A Continual Act of Coming Out


This morning I spoke to a man who is in the process of separating from his wife and getting a divorce. He told me that he loves his wife, but after she found emails between him and other men that he was having sex with, their marriage broke down. He described himself as bisexual and equally attracted to both men and women. He went on to describe that he had not come out to his adult children or his friends and family because of how people see bisexuality. He feels that most people believe that bisexuality does not exist and that a man who claims he is bi is really just gay but cannot admit it. His wife had told him that she thought that he was really gay, which is very unfortunate.

I have met a number of men who say they are bisexual and I have no reason to doubt their attractions. I also think there is a lot of confusion about bisexuality and while many people see bi men as really gay under the covers, many other people understand the fluidity of sexuality. One of the reasons the younger generation has latched on to the term, queer, is that they do not like the binary nature of gay and straight and want to be more gender fluid.

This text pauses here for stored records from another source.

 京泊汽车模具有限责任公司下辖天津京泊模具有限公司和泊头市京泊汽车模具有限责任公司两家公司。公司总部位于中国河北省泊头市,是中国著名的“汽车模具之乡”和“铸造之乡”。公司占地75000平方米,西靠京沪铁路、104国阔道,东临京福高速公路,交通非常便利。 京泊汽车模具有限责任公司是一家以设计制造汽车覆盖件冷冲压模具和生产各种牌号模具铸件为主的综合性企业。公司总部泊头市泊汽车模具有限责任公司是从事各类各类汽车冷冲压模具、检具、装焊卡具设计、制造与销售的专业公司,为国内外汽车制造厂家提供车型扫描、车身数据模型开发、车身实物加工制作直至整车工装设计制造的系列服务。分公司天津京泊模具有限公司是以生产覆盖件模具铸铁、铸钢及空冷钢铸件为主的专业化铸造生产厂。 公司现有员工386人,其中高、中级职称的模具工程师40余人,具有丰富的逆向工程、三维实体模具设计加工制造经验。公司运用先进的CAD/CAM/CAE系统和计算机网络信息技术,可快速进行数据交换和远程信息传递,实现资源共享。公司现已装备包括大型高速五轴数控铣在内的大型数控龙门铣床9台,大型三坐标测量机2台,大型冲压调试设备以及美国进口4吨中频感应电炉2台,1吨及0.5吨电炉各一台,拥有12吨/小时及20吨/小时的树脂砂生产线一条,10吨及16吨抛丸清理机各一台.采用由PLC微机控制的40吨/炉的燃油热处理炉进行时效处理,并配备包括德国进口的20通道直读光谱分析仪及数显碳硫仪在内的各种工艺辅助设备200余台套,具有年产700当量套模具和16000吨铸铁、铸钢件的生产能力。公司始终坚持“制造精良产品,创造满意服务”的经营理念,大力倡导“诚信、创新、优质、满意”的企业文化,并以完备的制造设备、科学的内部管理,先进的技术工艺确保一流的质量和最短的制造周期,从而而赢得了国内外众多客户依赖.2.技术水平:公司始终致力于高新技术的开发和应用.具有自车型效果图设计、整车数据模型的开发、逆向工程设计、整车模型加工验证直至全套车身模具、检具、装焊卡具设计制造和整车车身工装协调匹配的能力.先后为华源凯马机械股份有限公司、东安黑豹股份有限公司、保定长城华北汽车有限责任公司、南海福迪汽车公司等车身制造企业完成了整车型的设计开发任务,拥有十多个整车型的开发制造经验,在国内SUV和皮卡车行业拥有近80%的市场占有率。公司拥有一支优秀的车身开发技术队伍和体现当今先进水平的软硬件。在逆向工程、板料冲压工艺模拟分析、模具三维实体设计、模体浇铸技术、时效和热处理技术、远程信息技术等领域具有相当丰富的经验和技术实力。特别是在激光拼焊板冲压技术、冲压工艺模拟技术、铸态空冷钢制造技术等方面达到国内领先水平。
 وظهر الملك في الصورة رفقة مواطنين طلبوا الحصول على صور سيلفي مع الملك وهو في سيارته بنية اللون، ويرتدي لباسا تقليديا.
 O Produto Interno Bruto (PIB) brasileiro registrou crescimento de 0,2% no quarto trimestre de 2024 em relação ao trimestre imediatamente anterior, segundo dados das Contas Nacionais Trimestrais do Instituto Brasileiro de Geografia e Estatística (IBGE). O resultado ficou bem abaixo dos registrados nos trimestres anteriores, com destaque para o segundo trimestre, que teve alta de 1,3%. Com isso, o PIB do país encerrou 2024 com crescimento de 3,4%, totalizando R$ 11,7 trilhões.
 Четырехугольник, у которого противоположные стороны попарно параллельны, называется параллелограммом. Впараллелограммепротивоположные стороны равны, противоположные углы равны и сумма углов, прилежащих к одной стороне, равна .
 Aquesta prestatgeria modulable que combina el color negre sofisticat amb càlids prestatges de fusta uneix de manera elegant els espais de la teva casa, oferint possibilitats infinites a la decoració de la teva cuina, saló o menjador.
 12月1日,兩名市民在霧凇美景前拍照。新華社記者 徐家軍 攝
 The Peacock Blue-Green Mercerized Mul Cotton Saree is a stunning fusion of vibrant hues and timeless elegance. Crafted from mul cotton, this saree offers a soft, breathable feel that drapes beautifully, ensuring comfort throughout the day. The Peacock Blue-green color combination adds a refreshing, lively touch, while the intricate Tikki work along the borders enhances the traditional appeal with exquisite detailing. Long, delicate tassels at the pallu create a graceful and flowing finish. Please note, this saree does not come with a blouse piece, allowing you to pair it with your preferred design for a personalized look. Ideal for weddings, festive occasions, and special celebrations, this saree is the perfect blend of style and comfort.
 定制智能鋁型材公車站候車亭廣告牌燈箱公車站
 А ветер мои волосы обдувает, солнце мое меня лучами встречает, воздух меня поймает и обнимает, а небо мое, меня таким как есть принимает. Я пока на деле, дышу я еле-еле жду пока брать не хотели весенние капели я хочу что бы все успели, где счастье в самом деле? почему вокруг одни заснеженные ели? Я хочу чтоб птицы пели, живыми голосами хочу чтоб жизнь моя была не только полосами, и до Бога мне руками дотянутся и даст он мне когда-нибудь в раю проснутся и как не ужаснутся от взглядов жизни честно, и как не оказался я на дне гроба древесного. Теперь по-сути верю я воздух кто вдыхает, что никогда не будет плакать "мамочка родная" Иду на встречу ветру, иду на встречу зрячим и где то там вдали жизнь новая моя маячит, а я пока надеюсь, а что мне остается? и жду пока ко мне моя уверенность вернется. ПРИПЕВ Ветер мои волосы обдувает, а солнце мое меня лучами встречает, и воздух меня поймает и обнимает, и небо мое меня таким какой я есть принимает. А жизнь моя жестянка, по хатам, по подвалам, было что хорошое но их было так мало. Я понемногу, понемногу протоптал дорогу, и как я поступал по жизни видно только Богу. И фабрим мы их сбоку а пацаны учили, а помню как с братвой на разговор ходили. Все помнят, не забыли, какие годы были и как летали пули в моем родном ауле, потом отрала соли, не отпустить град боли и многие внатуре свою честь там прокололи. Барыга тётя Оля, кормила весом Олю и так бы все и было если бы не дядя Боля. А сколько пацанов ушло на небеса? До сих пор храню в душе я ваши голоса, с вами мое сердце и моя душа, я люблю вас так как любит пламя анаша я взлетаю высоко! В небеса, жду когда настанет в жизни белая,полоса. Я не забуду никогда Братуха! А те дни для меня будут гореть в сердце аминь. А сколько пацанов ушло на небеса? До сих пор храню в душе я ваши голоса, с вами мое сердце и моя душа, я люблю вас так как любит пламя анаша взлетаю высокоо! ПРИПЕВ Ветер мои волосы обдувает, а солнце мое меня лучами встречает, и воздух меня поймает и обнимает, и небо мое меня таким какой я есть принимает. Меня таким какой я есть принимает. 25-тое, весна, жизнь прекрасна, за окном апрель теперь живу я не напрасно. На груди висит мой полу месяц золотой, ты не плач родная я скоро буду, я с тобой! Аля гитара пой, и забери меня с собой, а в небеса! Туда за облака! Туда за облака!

A quote that I love, and keep on my desk at work, is from the end of a Washington Post article from 2014 by columnist Steven Petrow. He talks about his own shame and hiding at the fact that he had been molested as a child. A friend of his wrote these beautiful words in an email to him:

“Life seems to be a continual act of coming out, isn’t it? The boundaries we think are uncrossable, the unnamable corners of our soul that we live in fear of bringing to light . . . are the very regions that allow us to feel complete if we dare to explore them. So thank you for crossing borders, shining a light into those corners — they only make you more lovable, more admirable.”


The man I spoke to was in a lot of pain because his wife’s parents had invited his wife and children to their house for Thanksgiving, but had not included him. His wife was had told people, including his in-laws and children, that they were divorcing because he had been unfaithful to their marriage, but not, that it was with a man. This man was also afraid to tell his children, family, and friends the truth, afraid of what their reaction would be.

The act of hiding, feeling that our truth is uglier than anyone else’s; that no one would understand; that everyone would turn against us, is what has kept so many of us in the closet for way too long. While I do not know this man well, his story resonated with me. 

As I was planning to come out, first to my family and later at work, my mind would come up with a thousand reasons for not coming out that seemed so real. It was only when I pushed through my fears and the stories I was telling myself, to come out, that all the reasons not to come out fell away. 

It takes courage to push past your fear and the voices in your head that seem so real, but the other side of coming out can be joyous and empowering.